Папа тоже не терпел, когда кто-нибудь брал на себя роль его персонального Дельфийского оракула. Именно из-за этого многие его университетские коллеги переходили из разряда безвредных безымянных личностей в ряды врагов, которых он называл не иначе как «отщепенцами» и «bêtes noires»[271]. Все они совершили одну и ту же ошибку: пытались упростить папу, определить его двумя словами и ему же его объяснить (причем неправильно).
Четыре года назад на открытии Всемирного симпозиума в колледже Додсон-Майнер папа прочел сорокадевятиминутную лекцию, озаглавленную «Модели ненависти и торговля органами». Эту лекцию он особенно любил, потому что в 1995 году самолично беседовал в Хьюстоне с некой усатой дамой по имени Слетник Патруцка, ради свободы продавшей свою почку (она со слезами на глазах показывала нам свои шрамы, сказав: «Сталь – это больно»). Когда папа закончил лекцию, на трибуну выскочил ректор колледжа Родни Берд и, утерев платочком слюнявый рот, изрек:
– Доктор Ван Меер, благодарю за ваши глубокие исследования посткоммунистической России. Нечасто удается залучить в университет настоящего русского эмигранта… – Он произнес это с такой интонацией, словно речь идет о каком-то загадочном неуловимом персонаже. – Мы все надеемся на плодотворную совместную работу в будущем семестре. Если у кого-нибудь есть вопросы по роману «Война и мир» – вот к кому вам следует обращаться!
В папиной лекции речь шла о торговле органами в странах Западной Европы, а в России он никогда не бывал.
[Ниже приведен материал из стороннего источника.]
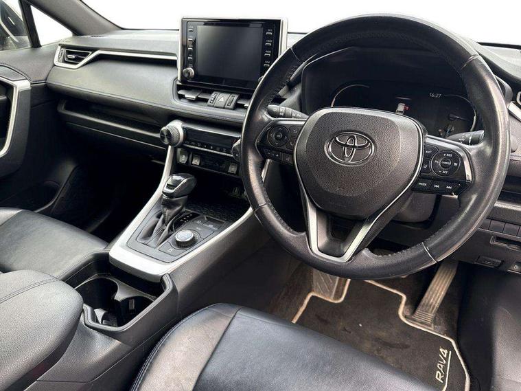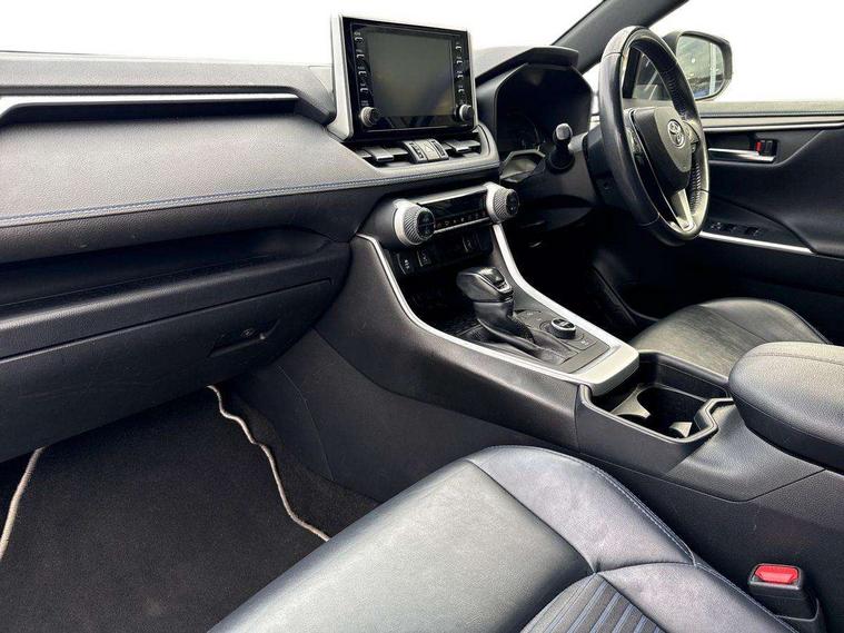 7" colour TFT display, Adaptive cruise control with lane trace assist, Adjustable speed limiter, Apple car play and Android auto, Blind spot monitoring with rear cross traffic alert, Bluetooth system, Cyclist Detection, Drive mode selector, eCall emergency call system, ECO-driving indicator, Electric power steering, EV audible alert, Hybrid system indicator, Lane departure warning system, Lights on warning, Night Time Pedestrian Detection, Pedestrial detection, Power boot opening and closing, Rear parking camera, Rear parking sensors, Remote boot door release in cabin, Tachometer, Touch 2 Go navigation system including 3D maps and voice control, Traffic sign recognition, Trip computer, Voice control system, Vehicle Stability Control (VSC), 6 speakers, 8" Multimedia display touch screen, Auxiliary socket for external MP3 player, DAB audio, Steering wheel mounted audio controls, Toyota touch media system, USB connection, Auto dimming interior mirror, Auto high beam, Automatic headlamp levelling, Automatic headlights, Automatically retractable door mirrors, Bi-tone black roof, Black door mirrors, Black rear spoiler, Black roof rails, Black Shark-fin antenna, Body colour door handles, Body coloured bumpers, Door mirror puddle lights, Electric adjustable door mirrors, Emergency brake-light signal (EBS), Follow me home headlights, Front fog lights, Gloss black front bumper insert, Gloss black rear bumper insert, Headlight cleaners, Heated door mirrors, LED daytime running lights, LED High mounted stop lamp, LED rear lights, Meshed upper front grille, Power front windows, Power rear windows, Privacy glass, Projector LED headlights, Rear screen wiper - intermittent, Rear windscreen defogger, Silver front under-run, Silver rear under-run, Trailer Sway Control, Turning signal integrated indicators in door mirrors, 3 rear headrests, 60/40 split fold rear seat back, Black roof lining, Boot light, Clean air filter, Driver and front passenger personal light, Driver and front passenger Whiplash Injury Lessening seats, Driver and passenger sunvisors with illuminated vanity mirrors, Dual sided deck board in boot, Dual zone automatic air conditioning, Floor mats, Folding rear centre armrest, Front and rear bottle holders, Front centre armrest, Front footwell lights, Front headrests, Front seat and rear pockets, Front sport seats, Front/rear roof mounted assist grips, Heated driver and front passenger seats, Isofix child seat preparation, Leather gear shift with chrome surround, Light blue ambient lighting on front cupholders and open tray, Manual telescopic and tilt 3-spoke leather steering wheel with Chrome insert, Manually reclining and sliding front passenger seat, Pollen filter, Power height-adjustable sliding reclining and lumbar support for driver seat, Rear coat hooks, Rear door armrests, Rear passenger air vents, Reclining rear seats, Satin chrome interior door handles, Sunglasses holder, Synthetic leather upholstery, 3x3 point rear seatbelts, ABS/EBD, Adjustable front driver and passenger seat belt extender, Brake assist function, Child proof door locks, Collision mitigation braking system, Driver/Front Passenger airbags, Driver/front passenger side airbags, Drivers knee airbag, Electronic parking brake, Electronic Stability Programme (ESP), Emergency brake light system (EBS), Front and rear curtain airbags, Front and rear seatbelt reminder, Hill start assist, Passenger airbag cut-off device, Seatbelt pretensioners with load limiters, Traction control, Tyre pressure warning, Alarm/immobiliser, Glass-breaking alarm sensors, Light - on and Key in reminder, Remote central locking, Smart entry + Smart start, Speed sensitive auto door locking, Tilt detection sensors, Piano black centre console with silver insert, Soft-touch black lower dashboard, Soft-touch black upper dashboard with silver insert, Full size spare wheel,

Будучи полиглотом, он практически не знал русского языка, если не считать известной поговорки «Na Boga nadeisya, a sam ne ploshai», в переводе означающей «В Бога веруй, однако машину запирай».
– Когда тебя неверно понимают, – говорил папа, – да еще и заявляют прямо в лицо, будто всю твою сложную сущность можно выразить десятком слов, небрежно нанизанных на веревку, точно застиранное белье, – это самого спокойного человека выведет из себя.
Тесный коридорчик нагонял клаустрофобию. В тишине слышно было только дыхание Зака – как будто к уху приложили морскую раковину. Его взгляд стекал по мне, по складкам шуршащего черного платья Джефферсон, похожего на японский гриб шитаке, если смотреть искоса. Тонкая серебристо-черная ткань казалась непрочной – вот-вот сползет с меня, будто фольга с остывшей жареной курицы.
– Синь?
Я посмотрела на Зака, и это было ошибкой. Его лицо с нелепо длинными ресницами, словно у коровы джерсейской породы, наплывало на меня неумолимо, как Гондвана – древний континент, двести миллионов лет тому назад медленно смещавшийся к Южному полюсу.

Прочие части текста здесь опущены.